We had the good fortune of connecting with Rolando Rodriguez and we’ve shared our conversation below.
Hi Rolando, how does your business help the community?
I think many marketing and communications firms see themselves as valuable instruments for a client to achieve a specific objective, like sell more products or be seen in the community more favorably. I’ll tell you something that’s probably controversial in my industry. I don’t care about any of that. In fact, I see my clients as important instruments to make people’s lives better and to tell better stories about communities of color who rarely have control of their own narrative. That’s all I care about. That’s why I’m in business. Because my professional life’s purpose is rooted in elevating lives, my clients are going to get the best possible thinking, ideas and innovation they can get out of an agency like ours, because I’m not concerned about corporate interests – only community ones. My only concern is if it’s right for the community, if it moves the needle in helping people advance their lives, beat structural racism, erase stereotypes through positive storytelling, improve the Black and Brown workplace experience, and claim the power that’s been taken and hidden from our communities for so long. If a client is truly, truly going to care about Black and Brown communities, then they’re going to be aligned with that as well. If not, there’s a line of agencies that’s going to rub their back and tell them they’re doing a wonderful job, who want the logo on their website and want to be a tool in the toolbox. If they’re aligned with our value system, then we can help them with designing a public relations strategy, building corporate social responsibility programs, writing communications that move their audiences, negotiating their sponsorships, funneling money into nonprofits, creating employee engagement programs – all the things we do well as an agency. And I assure you, if their North Star is our North Star, they’ll ultimately achieve their objectives, whether I care about them or not.
Can you give our readers an introduction to your business? Maybe you can share a bit about what you do and what sets you apart from others?
Trill Multicultural is an agency that produces socially-conscious marketing and communications that elevate brands and communities. It’s hard to be excited about an influx of business from brands that all of a sudden started practicing religion around diversity, inclusion and equity, because it came at the price of lives. George Floyd had to die. Breonna Taylor had to die. Vanessa Guillen had to die and countless others. Before we celebrate the booming of an industry because people are trying to get in touch with their humanity and compassion, we need to acknowledge that it came at a huge cost. With that, agencies like ours have to handle this new business responsibly. We have to push our clients for real change inside of themselves and to be bold agents for change externally. In other words, if it doesn’t feel uncomfortable, you’re not any more of an ally than before George Floyd died. People need to be pissed. Your top performers who hold racist beliefs have to be shown the door. Tears of freaking joy from your Black and Brown employees need to be flowing because they can’t believe the depth of the commitment. That’s what change looks like. I’ve learned in my career, which was spent in newsrooms, nonprofits, ad agencies, and corporations, that nine times out of 10, brands move to do right by communities of color because of either profit or shame. Those are sad motivators, but it’s reality. Make no mistake, many brands see money signs by doing the right thing here and certainly feel shame if they don’t employ some elaborate campaign around advancing equity. So if it’s going to go down like, we as agencies must ensure their work isn’t a public relations campaign, but real structural change. If they do the former, call them out and tell the story. If they do the latter, praise them and tell the story.Let’s say your best friend was visiting the area and you wanted to show them the best time ever. Where would you take them? Give us a little itinerary – say it was a week long trip, where would you eat, drink, visit, hang out, etc.

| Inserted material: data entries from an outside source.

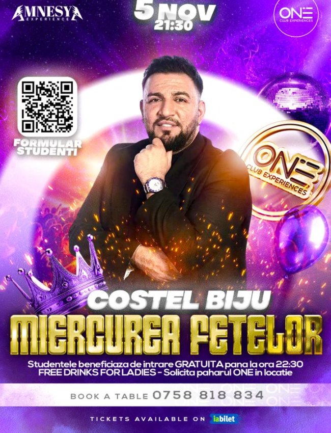 Pe 05 Noiembrie, de la ora 21:30, te așteptăm la One Club Experiences la o nouă ediție a conceptului „Miercurea Fetelor”, alături de Costel Biju.
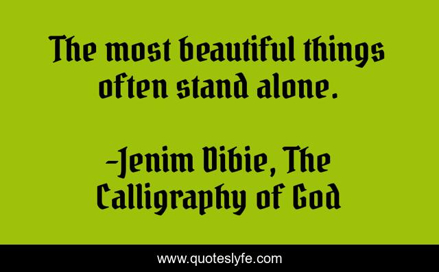 "Jenim Dibie, The Calligraphy of God Quotes." Quoteslyfe.com, 2025. Mon. 08 Dec. 2025. <https://www.quoteslyfe.com/quote/The-most-beautiful-things-often-stand-alone-61259>.
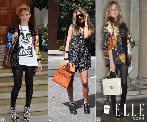 back to the vintage 1 원색의 스팽글 장식 재킷과 로큰롤 무드의 티셔츠, 지브라 프린트 부츠가 80년대 레트로 룩을 완벽히 재현해냈다. 목걸이 같은 액세서리는 물론 독특한 헤어스타일도 빈티지 룩을 완성하는 데 한 몫했다. 2 와일드한 프린트 패턴의 점프수트에 독특한 주얼 장식이 박힌 워커를 매치했다. 마무리는 클래식하지만 어떤 룩에나 잘 어울리는 에르메스 백으로. 3 어릴 적 엄마의 옷장에서 봤음직한 프린트 패턴의 재킷을 과감히 스트리트 룩으로 변모시켰다. 낡은 듯한 백도 퍼펙트! |
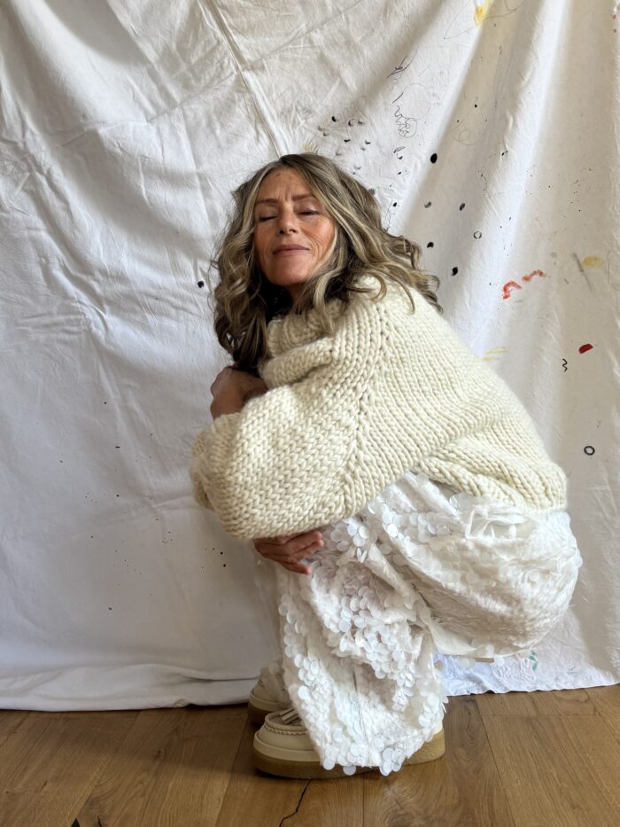 Pull tricoté main en 100% laine. Création unique. Col montant, poignets resserrés. PIÈCE UNIQUE.

I’d take them to the Houston Flea Market off 59 and Hilcroft to show them what it looks like for the undocumented arrival to start over in a new country and to eat the best pupusas in your life and maybe buy a thick gold chain. I’d take them on a run at Memorial Park so they could see the sheer diversity of lives that huff and puff their way through this city. I always look at the people passing me on the trail and I always have so many questions about who they are and where they come from. I’d take them to my favorite dive bar, Poison Girl in Montrose, so we could have a real catch-up. That dark place has inspired some of the most in-depth conversations of my life. I’d take them to Chinatown to eat crawfish. I feel like I’m transported to a new world when I’m there and I always feel so proud to be a Houstonian. I’d take them to Brazos Bend State Park right southwest of the city so they could come feet from a Texas-sized gator and wander in the wilderness. I’d take them to a fruteria on the northside of Houston.Shoutout is all about shouting out others who you feel deserve additional recognition and exposure. Who would you like to shoutout?
I have to shoutout author Donald Miller for writing the book “A Million Miles in a Thousand Years.” His book altered my mindset on how to pursue the rest of my life and what it means to write a good story with the pages of your life. At the beginning of his book, he writes that, “If you watched a movie about a guy who wanted a Volvo and worked for years to get it, you wouldn’t cry at the end when he drove off the lot, testing the windshield wipers.” He maintains that nobody cries at the end of a movie about a guy who wants a Volvo. “But we spend years actually living those stories, and expect our lives to be meaningful,” he wrote. “The truth is, if what we choose to do with our lives won’t make a story meaningful, it won’t make a life meaningful either.”